Is JSON the same as a JavaScript object literal?

No — JSON is a strict subset of JavaScript object syntax. Key differences: JSON requires double quotes on all keys (JS allows unquoted), JSON forbids trailing commas (JS allows them), JSON forbids comments (JS allows them), and JSON forbids undefined as a value. You can always safely embed valid JSON in a JavaScript file, but not vice versa.

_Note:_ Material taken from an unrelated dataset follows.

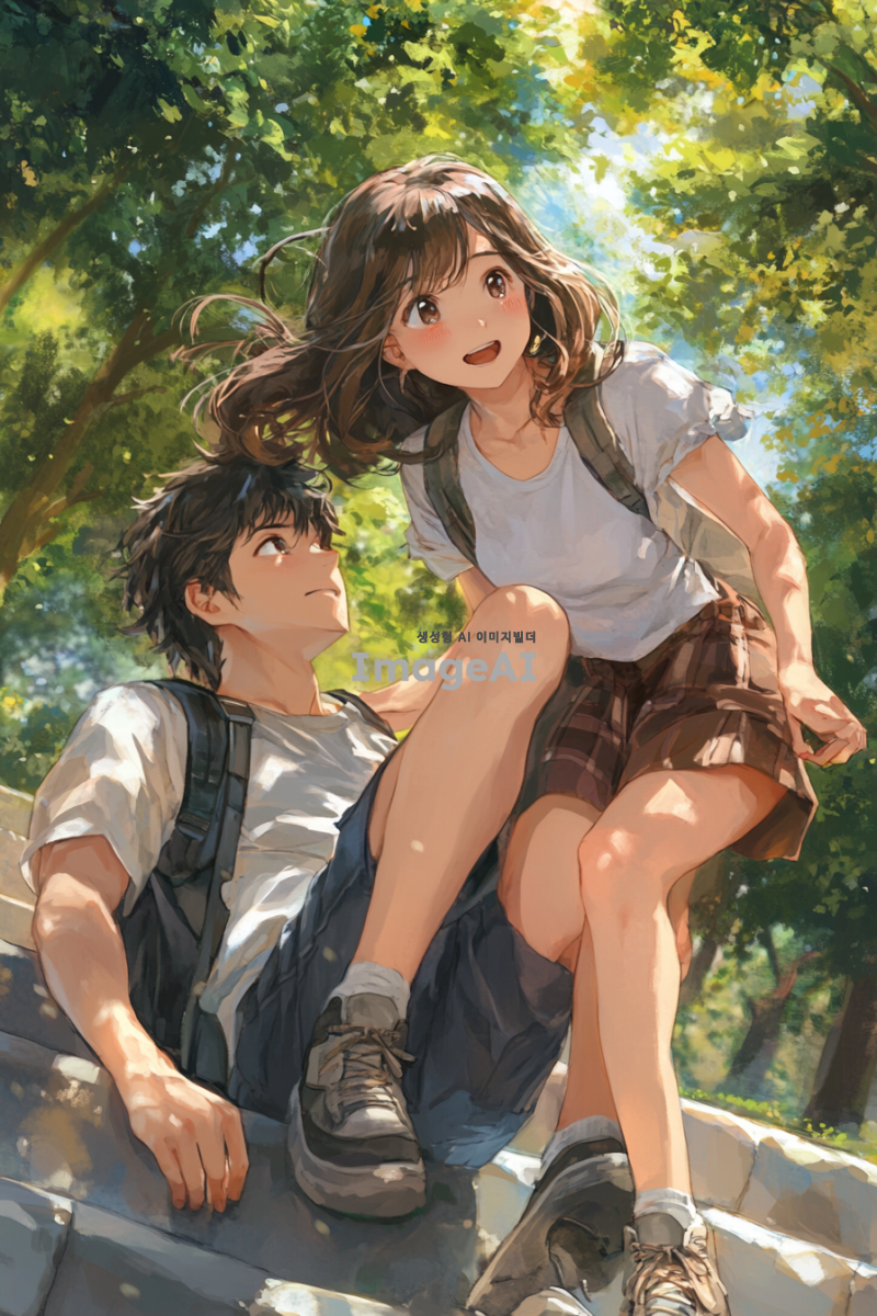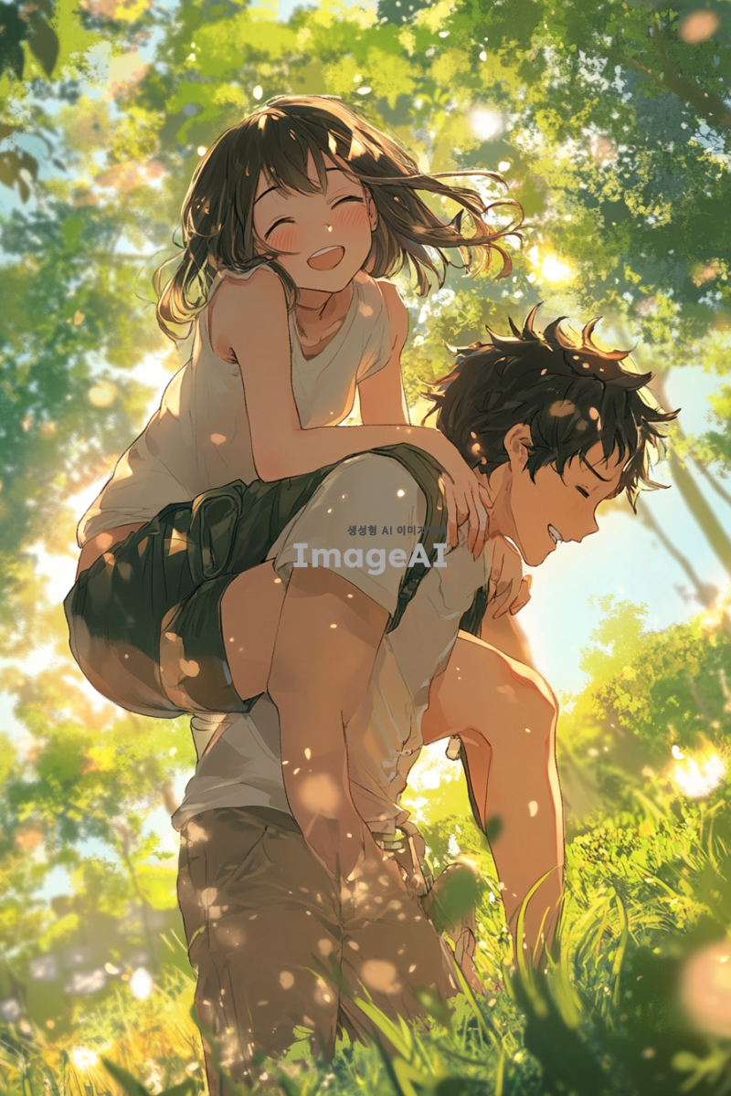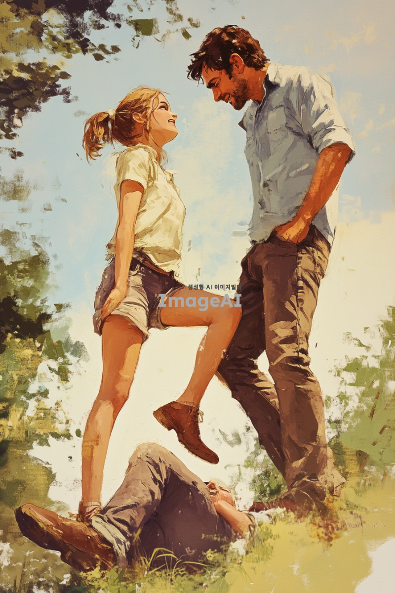 귀여운 여자아이가 자신의 왼쪽 다리로 남자의 등을 밟고 있는 장면. 남자는 힘들어 보이며, 표정에는 애처로움이 묻어나고 있다. 배경은 공원으로, 따뜻한 햇살 아래에서 아이가 즐거워하는 모습과 남자의 고생하는 모습이 대조적으로 나타나도록 구성. 여자아이는 귀엽고 발랄한 스타일로, 남자는 약간 지친 듯한 모습으로 그려져 있다.

What's the difference between RFC 8259 and ECMA-404?

Both are authoritative standards for JSON, and they describe the same grammar. The key difference is scope: ECMA-404 is a pure grammar specification — it defines only what is syntactically valid JSON. RFC 8259 adds interoperability guidance on top: it mandates UTF-8 for networked JSON, recommends against duplicate keys, and addresses security concerns. For building real systems, follow RFC 8259.

How do I handle large JSON files in Python without running out of memory?

For large JSON files, use a streaming parser like ijson — it lets you parse incrementally without loading the whole file into memory. Alternatively, consider whether your data should be in JSONL format instead, which is natively streamable line-by-line.

Why is JSON preferred over XML in modern APIs?

JSON is lighter (no opening/closing tags), maps directly to data structures in most programming languages, is faster to parse, and is more readable at a glance. XML remains useful for documents with mixed content (text and tags), namespace requirements, or rich schema validation — but for data-only APIs, JSON won every practical comparison.